Chronique littéraire de Christine Letellier : Frank Bascombe est de retour !

Publié le 4 janvier 2016 à  18h33 - Dernière mise à  jour le 27 octobre 2022 à  21h31

Avant de vous lancer dans les nouveaux romans de janvier 2016, quelques gourmandises restent à savourer… Le retour de Frank Bascombe, personnage fétiche de Richard Ford, auteur américain qui n’a pas son pareil pour décrire l’Amérique profonde, en est une.
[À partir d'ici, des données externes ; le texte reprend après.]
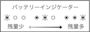 バッテリーインジケーター:3つのランプで充電状況を示します。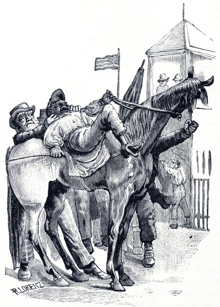 He not only knew all these people, but he never by any means used family names. He did not say, “Mr. Fechter,” it was “Charley,” “Old Charley,” and when he spoke of women it was not “Miss Rose Eytinge,” it was “Rosy.” And he kept on talking of clubs, and horses, and yachts, and fishing, and gunning, and cards, and women, and racing, and “events” of that sort, till Tibbitts pounced down upon him as a cat does upon a mouse.

Ses portrait acides, son regard épuré de toute illusion qui refuse d’être bêtement optimiste, ont fait de cet écrivain plusieurs fois primé l’émissaire d’un monde comme il va; ou plutôt, comme il ne va pas vraiment.

Richard  Ford (Photo Philippe Matsas/ Leemage/ Edition l'Olivier)
Richard Ford (Photo Philippe Matsas/ Leemage/ Edition l’Olivier)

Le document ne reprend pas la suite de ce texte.